**What needs to be done**.
Pictures aside, repeat the whole listing word for word.

**Data shown**.

*** Block opens ***

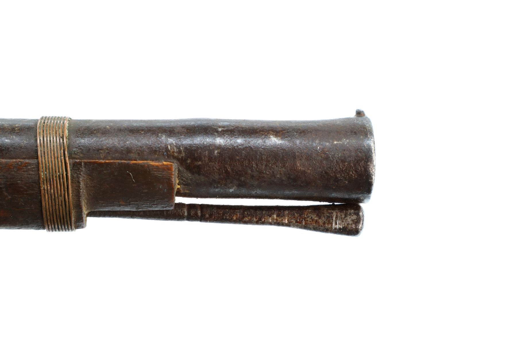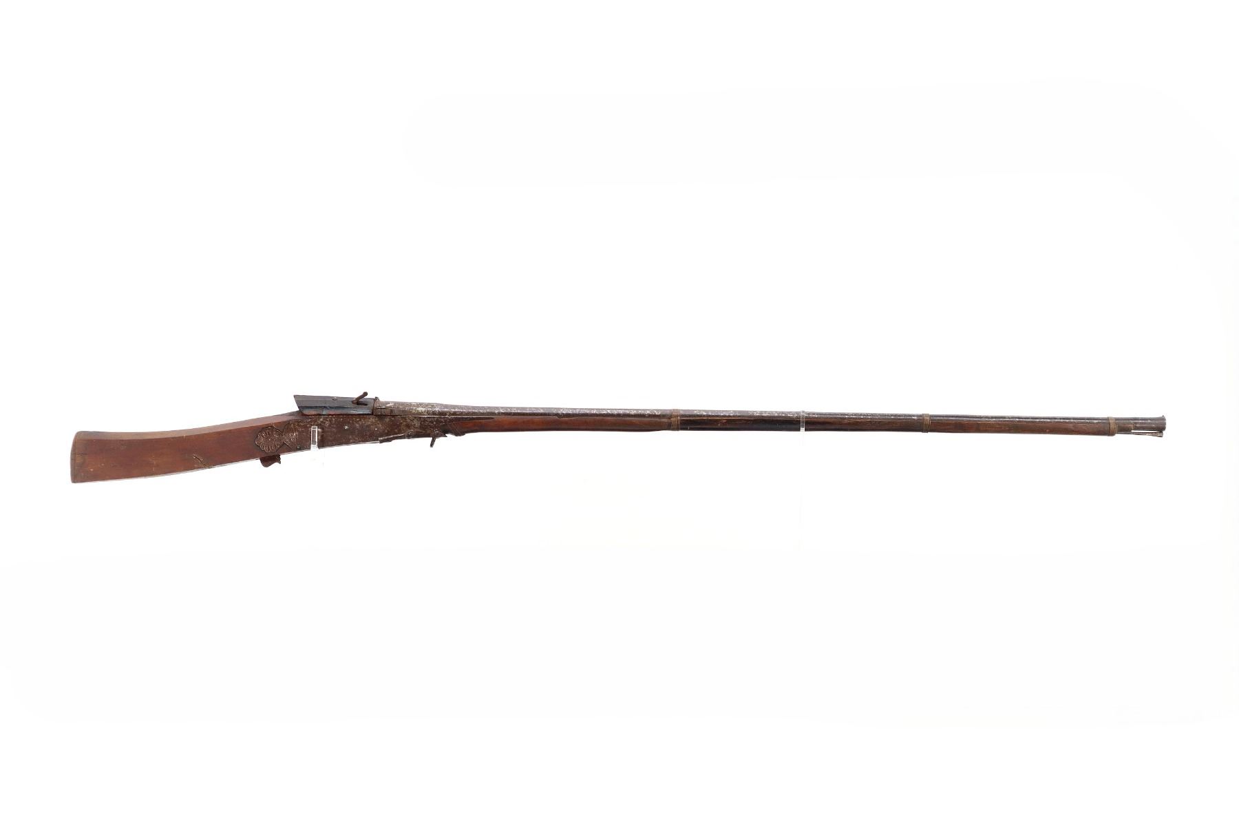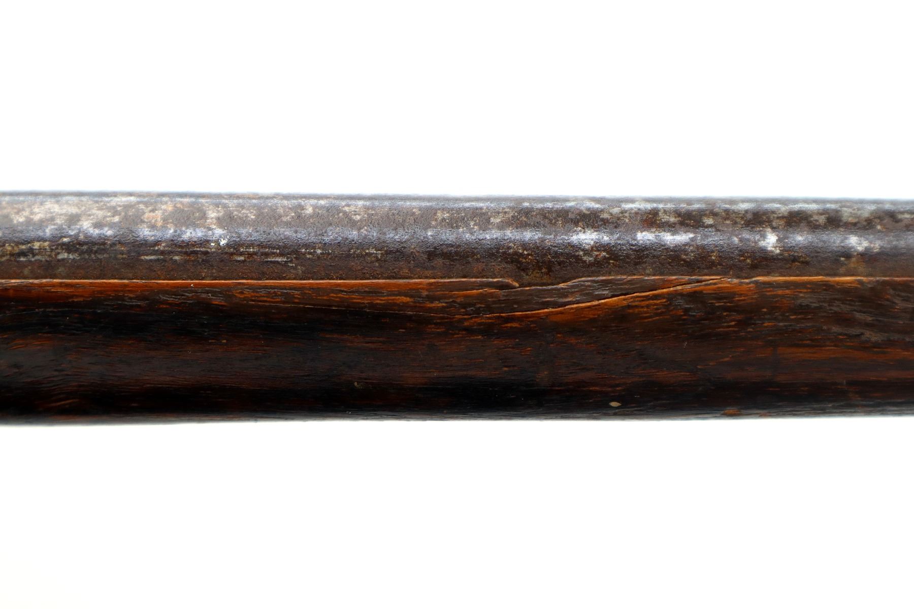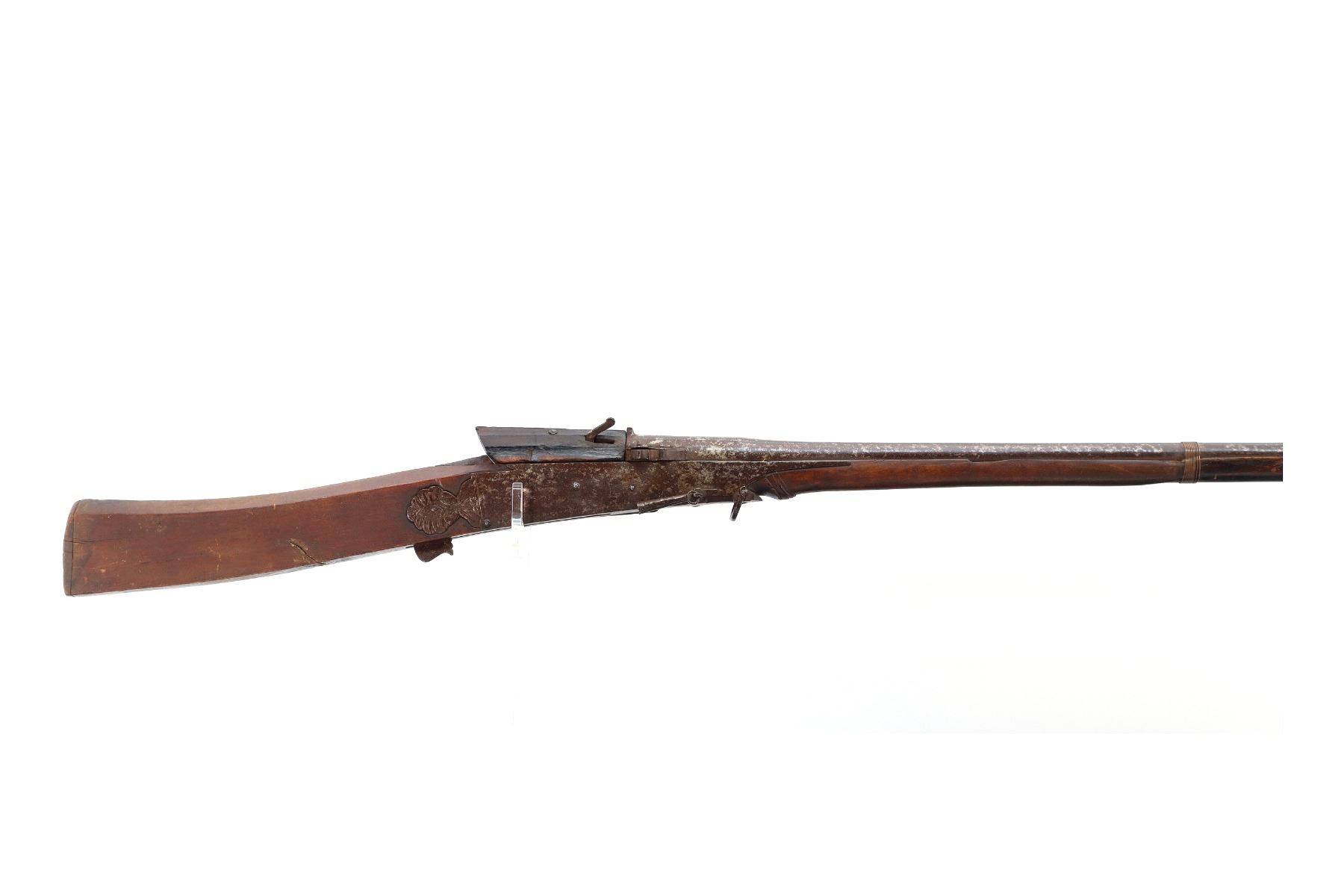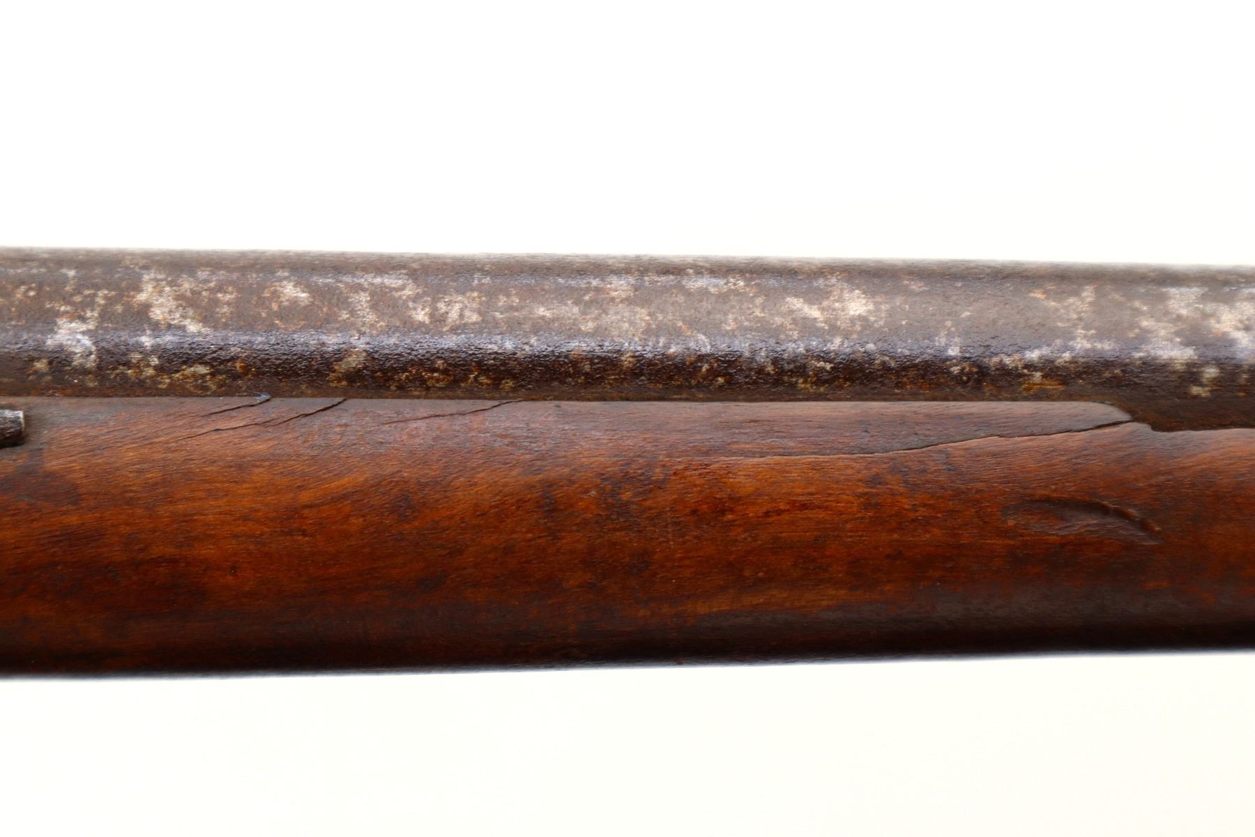 Main Description: Bead front sight, fixed u notched rear sight, tapered round barrel with flared muzzle, cock does not function, flashole pan has a pivoting cover. One piece full length wood stock, chipped and cracked spliced in the middle with copper wire bands, straight grip, smooth butt with age cracks, single swivel, some engraving on side plates.
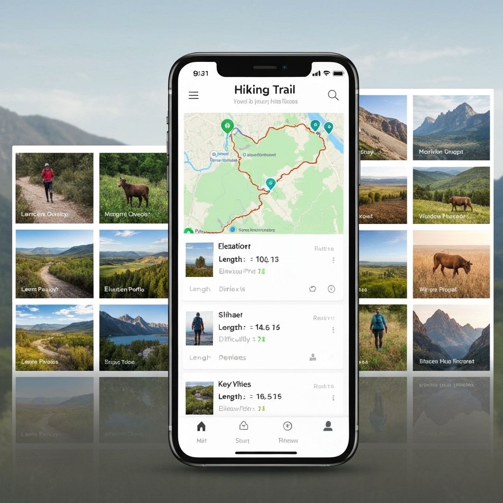 Detailed trail descriptions, difficulty ratings, estimated duration, and points of interest.
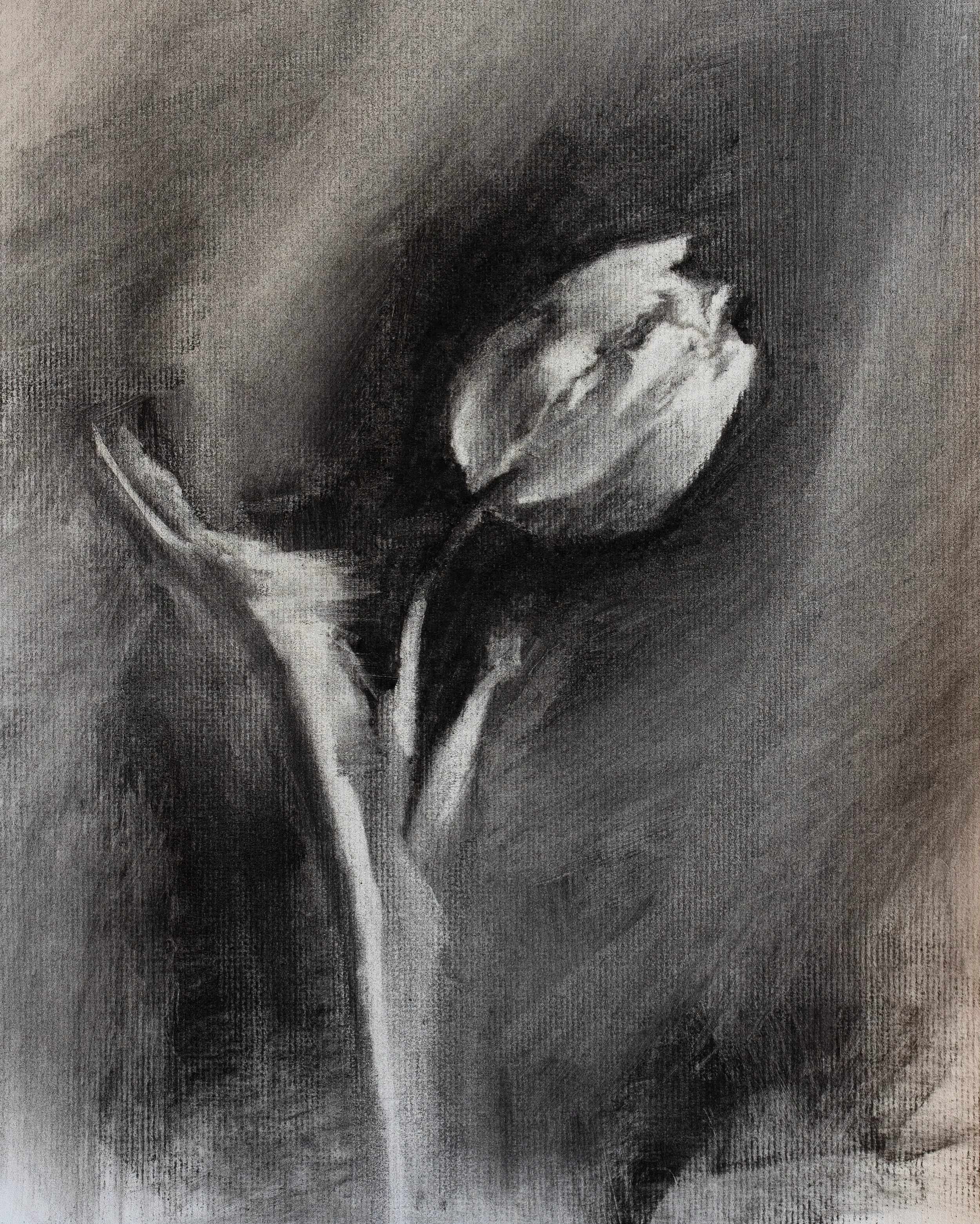 Tulip. 11" x 17" Charcoal on Paper. 2024. Available.
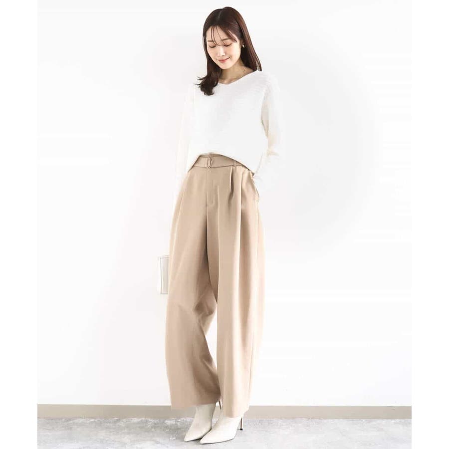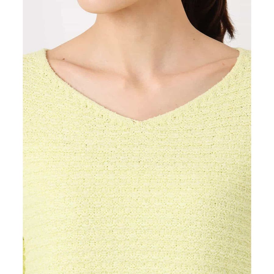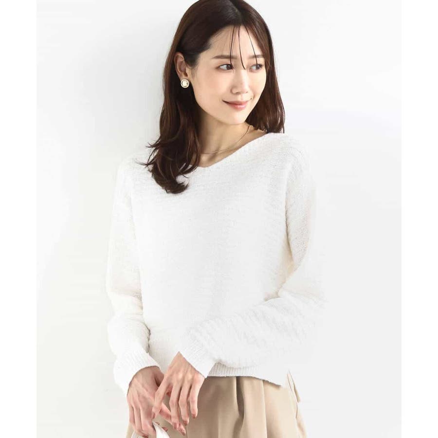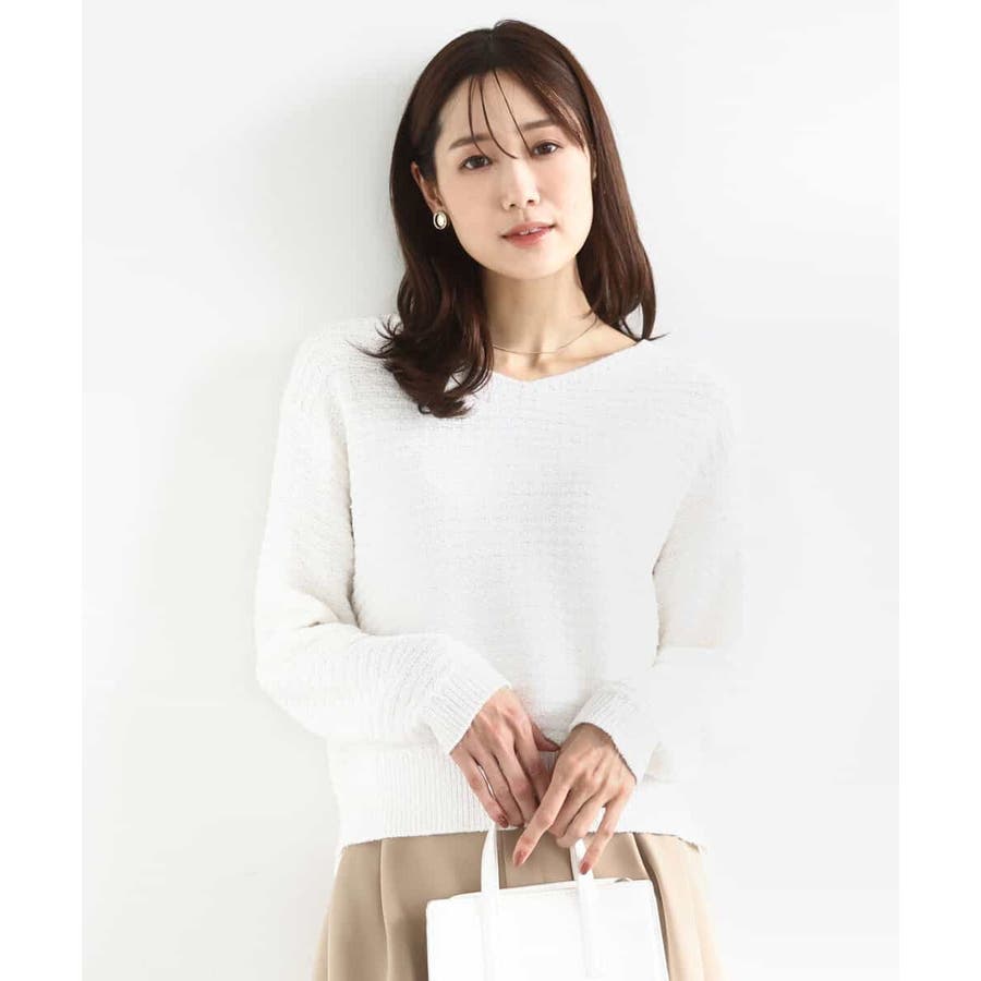 やや短めの着丈がボトムを選ばないクロップド丈のニット。デコルテラインをきれいに見せるVネックのデザイン。

*** Block closes ***

**Response box**.
 Main Description: Bead front sight, fixed u notched rear sight, tapered round barrel with flared muzzle, cock does not function, flashole pan has a pivoting cover. One piece full length wood stock, chipped and cracked spliced in the middle with copper wire bands, straight grip, smooth butt with age cracks, single swivel, some engraving on side plates.
 Detailed trail descriptions, difficulty ratings, estimated duration, and points of interest.
 Tulip. 11" x 17" Charcoal on Paper. 2024. Available.
 やや短めの着丈がボトムを選ばないクロップド丈のニット。デコルテラインをきれいに見せるVネックのデザイン。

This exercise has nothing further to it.